One reason the process isn't so noticeable is that 100 Centre Street, which was recently renewed by A&E, is shot with 24p (for progressive scan) rather than 30i (for interlace) cameras; 24p approximates the frame rate of 24fps film cameras, while 30i has the higher-speed look of video. “Sidney picked high-definition because he likes the look of it,” says the DP. “I'm not as gung-ho about it as he is, though I think for this show, the hi-def is great. After I took the job, I saw the 30i, and it looked too clear and crisp; all the things Sidney said he liked about it, I thought worked against it. I had to figure out, how am I going to make him happy, and make myself happy?”

Sony's 24p cameras were new when Fortunato started testing them. “I shot some stuff during the day, I shot some stuff at dusk, and I shot some at night,” he says. “I saw that it handles color very well, and seemed to work very well in mixed light. It's much richer than video. I got a little optimistic.

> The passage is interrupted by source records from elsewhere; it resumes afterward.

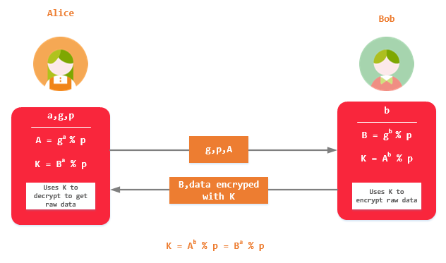 上面这个例子并不只是举例,在早期版本的HTTPS中,就是通过这种方式来进行密钥交换。而后来的版本中,另外一种叫DH及其变种的密钥交换算法用的越来越多。
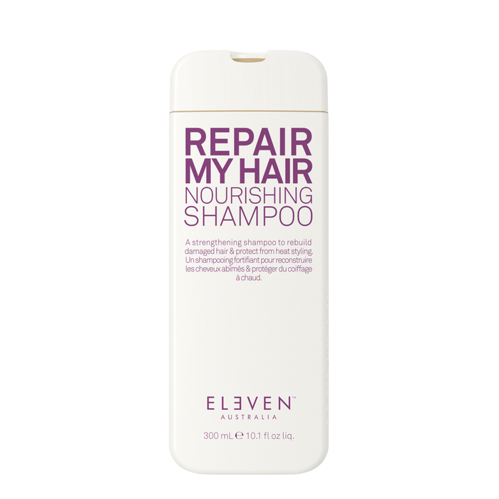 ELEVEN Australia Repair My Hair Nourishing Shampoo 300ml is a repairing shampoo that protects against heat damage, perfect for use on hair damaged by chemical treatments, over-processing and heat styling.
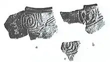 Eleven sherds representing a single vessel were present at Juntunen.[4] Ramey Incised is a Middle Mississippian pottery type first identified at the Cahokia Old Village site in southern Illinois. It has also been recovered at Carcajou Point in Wisconsin, but its presence at Juntunen marks the northernmost occurrence of any Middle Mississippian pottery type. Tempering is shell-tempered mixed with grit and decoration is a distinctive pattern of curvilinear designs. The vessel shape is thought to be a bowl with sharply defined shoulder. It was recovered in intermediate strata between the Bois Blanc and Juntunen Phases.[4][13]
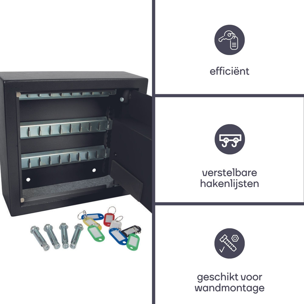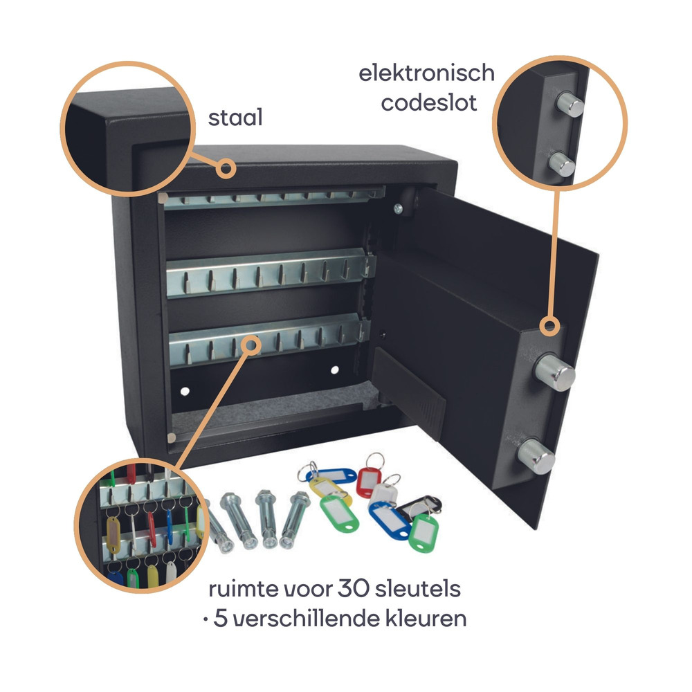 Experience organized security with the Sleutelkluis, designed to hold 30 keys within its 28x30x10 cm dimensions. Crafted for efficiency, this secure key cabinet ensures quick access and safe storage.
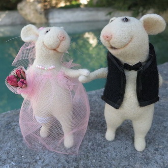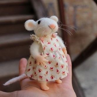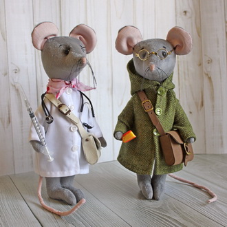 - Фигурки сказочных грызунов. Симпатичная зверушка в передничке с упоением поедает ломтик сыра. Ее сестричка лукаво выглядывает из рукавицы. А это любопытное существо забралось в мешочек с рождественскими сладостями. Забавные создания мгновенно очаруют каждого, кому вы сделаете такой подарок.
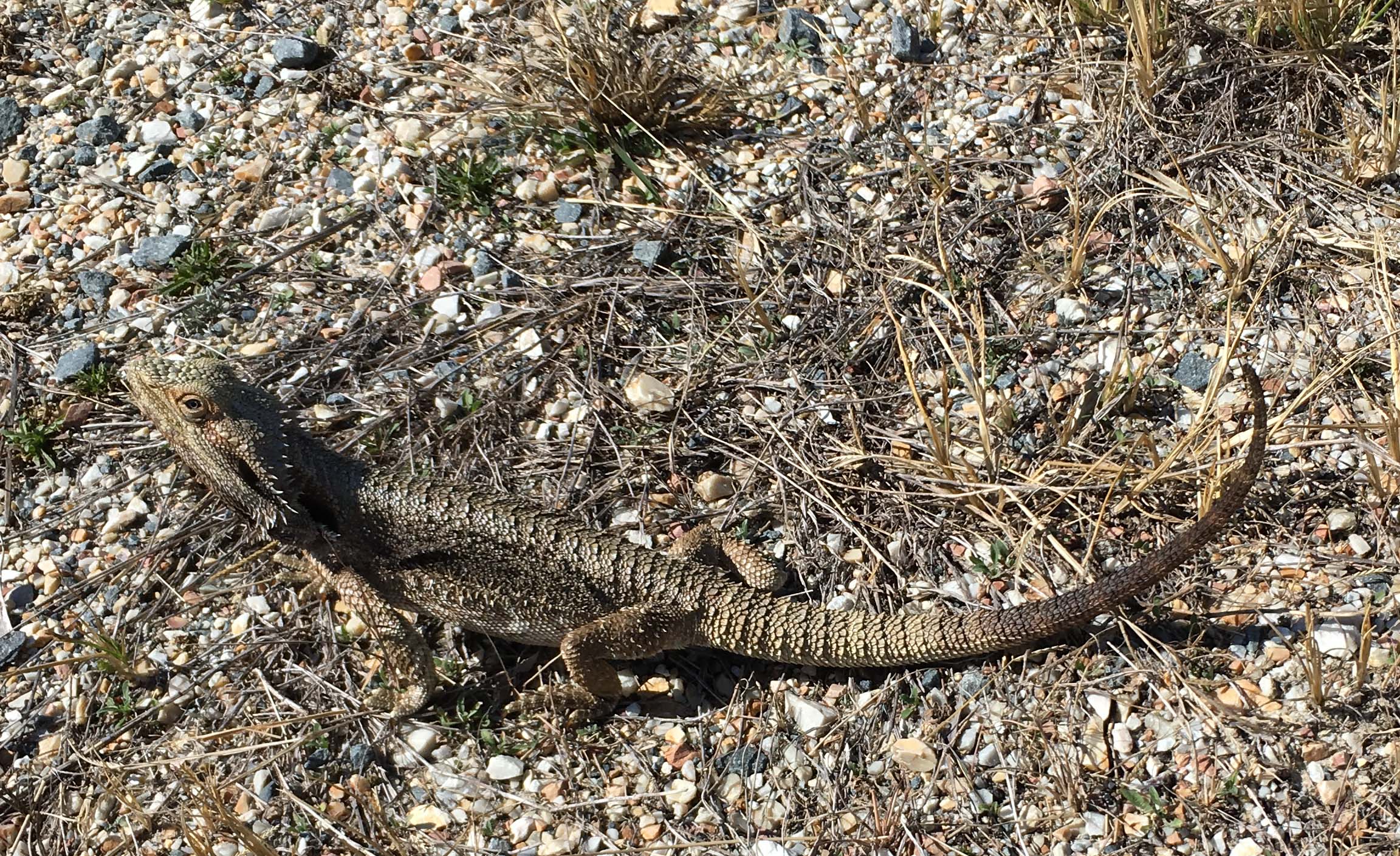 As I do everytime, I ride the gravel Federation Walk track, I keep my eyes open for any wildlife. Today, I was in luck, I saw a 'bearded dragon' I think that is what it is. It was just standing beside the track, I stopped, put my bike down, got out my phone and tried to sneak back to him without scaring him. This is pretty hard when you are as large as me and wearing a bright orange cycling top. Anyway, he didn't move, so I keep taking photos of him as I moved closer. He was extremely photogenic and didn't move at all. See photo below. Continued onto the Spit.
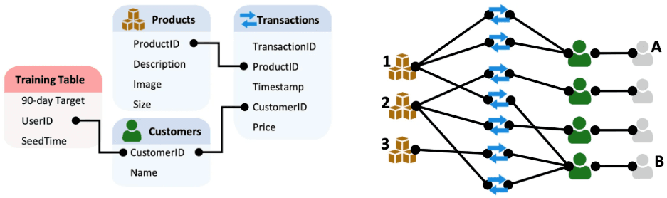 This graph is heterogeneous: each node and edge is typed based on the schema graph, allowing models to distinguish between, say, a Customer node and a Product node, or between a purchased edge and a viewed edge.

Shooting the first episode or two, I had good days and bad days. It was an odd job, because usually by the time you start shooting a film, you've got your look down — you don't want to be experimenting on time that's going to be up on screen. I had to come to grips with the fact that I was going to be learning a lot during the first couple of weeks. So, I think the difference in look between the first episode and the third episode is tremendous.”

There was another element to the show that made Fortunato wary, particularly from a lighting standpoint. “Sidney wanted to shoot it multi-camera, like a soap opera, but he didn't want it to look like one,” he says. “When he directed, we used three cameras quite often.” The reason, primarily, was budget: Shooting multi-camera meant shaving a day off 100 Centre Street's schedule, and keeping the working hours on the remaining seven days per episode to a more manageable number than usual. But multi-camera production also meant lighting for several angles at once, which is no DP's notion of an ideal situation.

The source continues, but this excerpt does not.